Visitors are then invited to take part in a University-wide scavenger hunt to discover the many objects that were carefully inserted into exhibitions in seven of Harvard’s public museums. As visitors fan out to discover these wandering items, the show’s organizers hope the observers will begin to understand that the meanings of things and the categories of knowledge and knowing based on those things are not as static or as natural as they may appear.

The material mysteries can be found through May 29 at the Collection of Historical Scientific Instruments, Harvard Art Museums/Arthur M. Sackler Museum, the Harvard Museum of Natural History, Houghton Library, the Peabody Museum of Archaeology and Ethnology, the Schlesinger Library, the Radcliffe Institute for Advanced Study, and the Semitic Museum.

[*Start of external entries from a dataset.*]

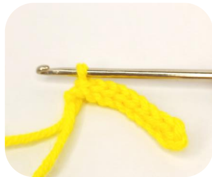
First set on 9 slst

Cut the yarn leaving a long end for sewing. Sew the beginning and the end of the stamen together with the yarn left. Don't cut the yarn left you will use it later for sewing.
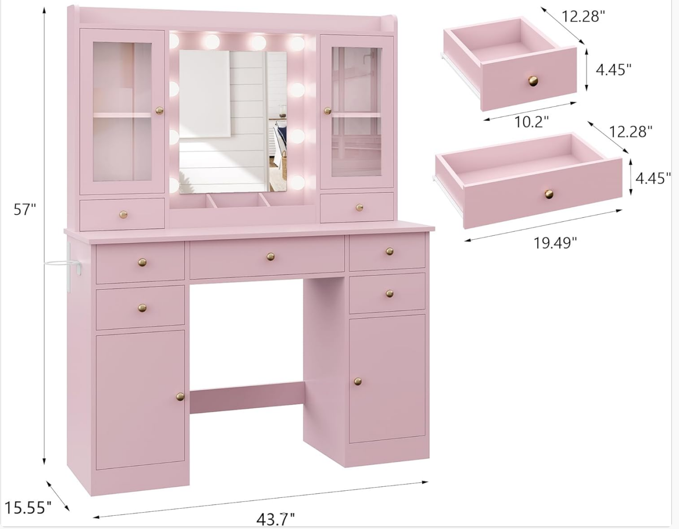
Image: A visual representation of the vanity desk's dimensions, including height, width, and depth.
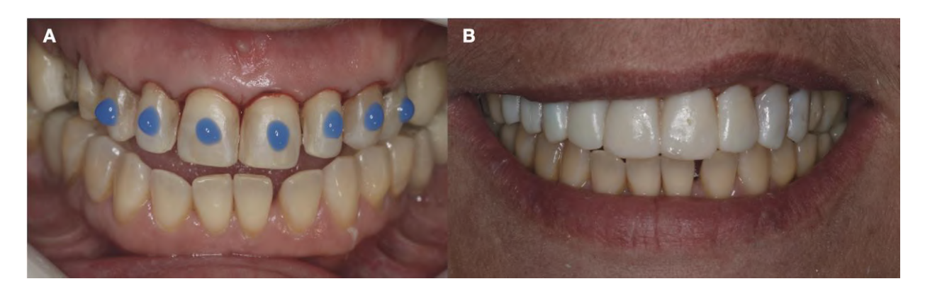
Figure 6. A- Substrate preparation for making temporary restorations. B - Temporary restorations installed.

Since the CAD/CAM system was the method of choice for making the ceramic veneers, the next step was to perform gingival retraction and subsequent intraoral scanning of the prepared region (FIGURE 6).
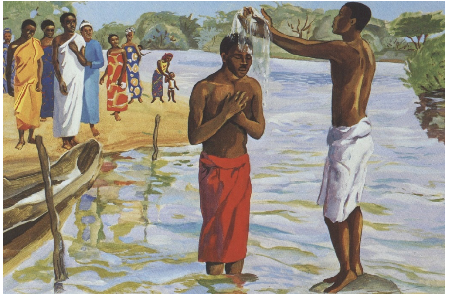
Baptism of Jesus, Jesus Mafa

Let us join with those who are committing themselves to Christ and renew our own baptismal covenant.
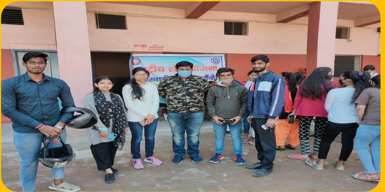
NSS team organizing COVID-19 Vaccination Drive
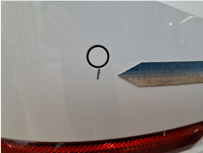
Damage 4: Rear bumper: Rear bumper - Scratch(es) - Paint
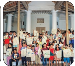
The young children proudly show off their creations
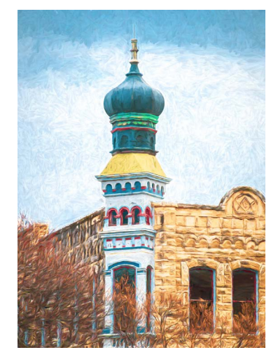
Finalist: Linda Youngblood
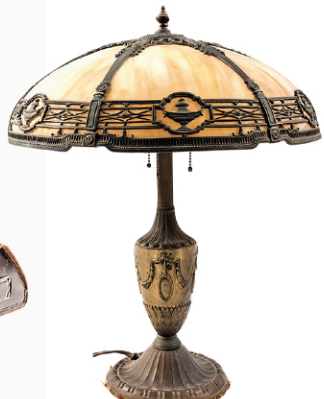
Selection of Panel Lamps
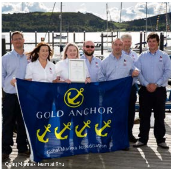
Quay Marinas' team at Rhu
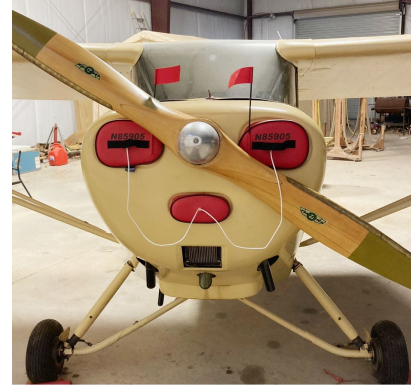
Aeronca 11AC Chief Engine Plugs
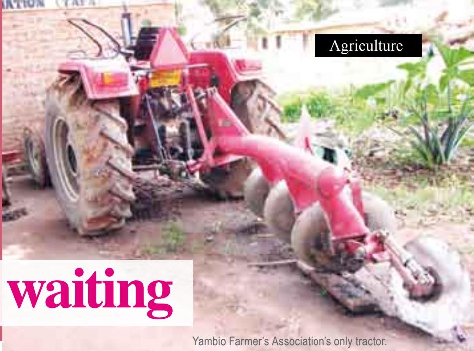
Yambio Farmer's Association's only tractor.
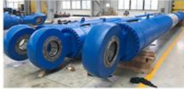
HYDROPOWER PLANT CYLINDER
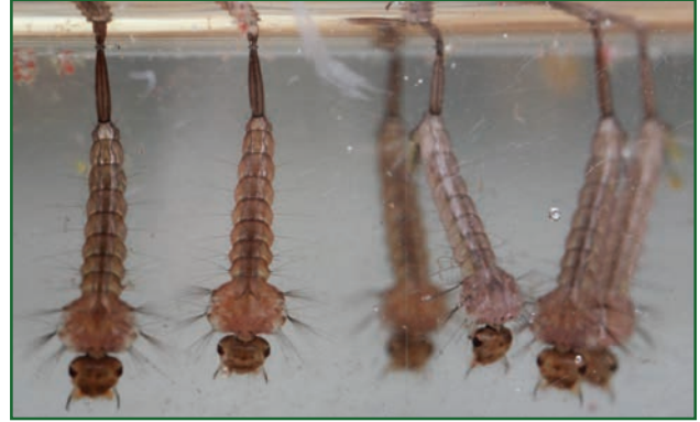
Figure 3. Mosquito larvae.

Wigglers live only in water and feed on microscopic plants, animals, and organic debris
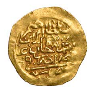
1648 Ibrahim , Sultani, Misr, date (1049) unclear, 3.41g/10h (Pere 429; A 1376; ICV 3209). Minor peripheral weakness, very fine, rare £300-£400
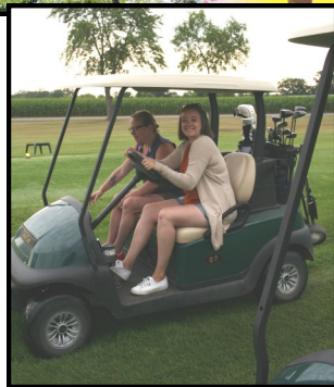
Do not Disturb—Mental back up in progress.
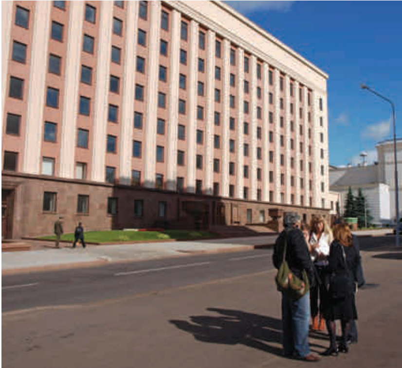
International Media mission in front of the Presidential Administration in Minsk.

Based on the knowledge and expertise of the participating organisations in reference to international media standards, the purpose of the mission was to undertake an assessment of the present media environment and freedom of expression situation in Belarus. In the same light, the purpose of the present report is to ensure that press freedom and media reform remain at the heart of the on-going negotiations between the European Union (EU) and the Belarusian government – both in regard to the current suspension of certain EU sanctions against Belarus, the longer term Eastern Partnership Initiative and the Human Rights Dialogue (elaborated on below). A first meeting between some of the organisations of the mission and the Direction General E, Directorate Western Balkans, Eastern Europe and Central Asia, Council of the European Union , was held in Brussels on 1 April 2009. Subsequently, updates on the media situation in Belarus were sent to the European Council by the group of organisations involved. 2
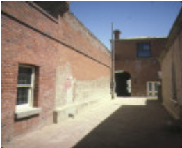
shackells bond store echuca rear view feb1983
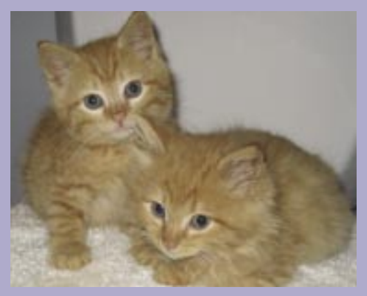
Zoe & Míles
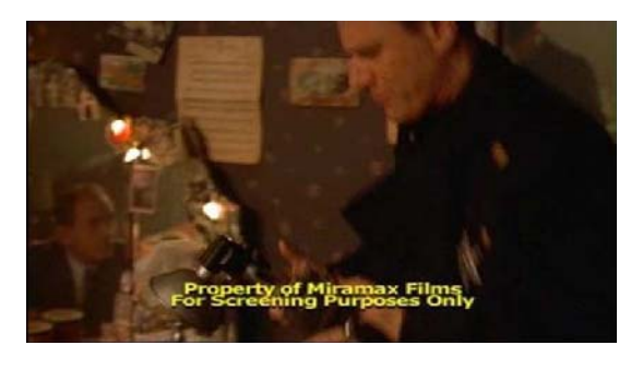
Figure 2. Screener copy (after[1])
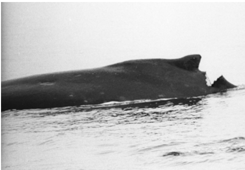
0576 fresh injury August 1986
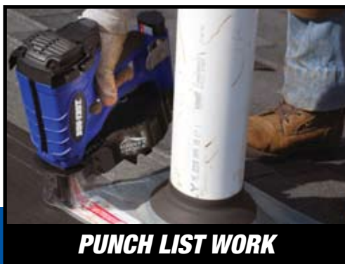
PUNCH LIST WORK
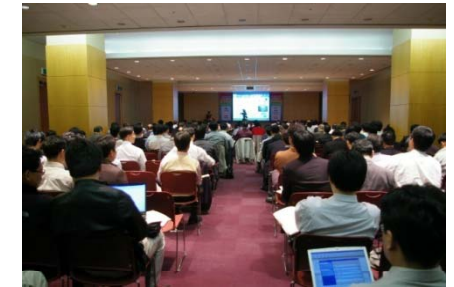
LED Korea 2007
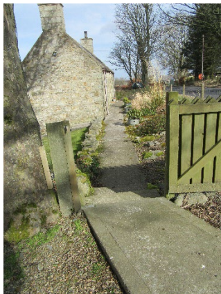
Access 3 steps down
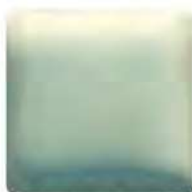
Morning Green EM-1154 (O)
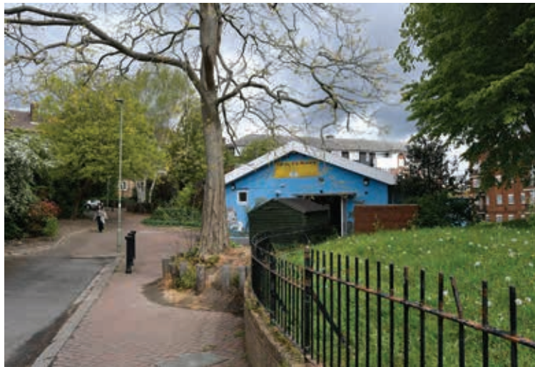
Going: The nursery building on Red Lion Hill will be demolished

At the time of going to press, 676 residents had signed a petition to save the Brownswell Green playing area and prevent the demolition of the homes. Resident Associations have been formed at both these sites to register their green spaces as community assets in order to protect them.

The exhibit also serves as the foundation for the innovative General Education course “Tangible Things: Harvard Collections in World History,” taught this spring by Ulrich and Gaskell.

“Although many of us routinely use museum collections in teaching, I believe this is the first attempt to build a course around the history of Harvard’s collections,” said Ulrich. “They are amazing, and we are very excited about opening up this world to undergraduates.”

The exhibition is sponsored by the Harvard Arts Initiative, Harvard College Program in General Education, the Office of the Dean of the Graduate School of Arts and Sciences, the Office of the Provost at Harvard University, and the Harvard Art Museums’ Gurel Student Exhibition Fund.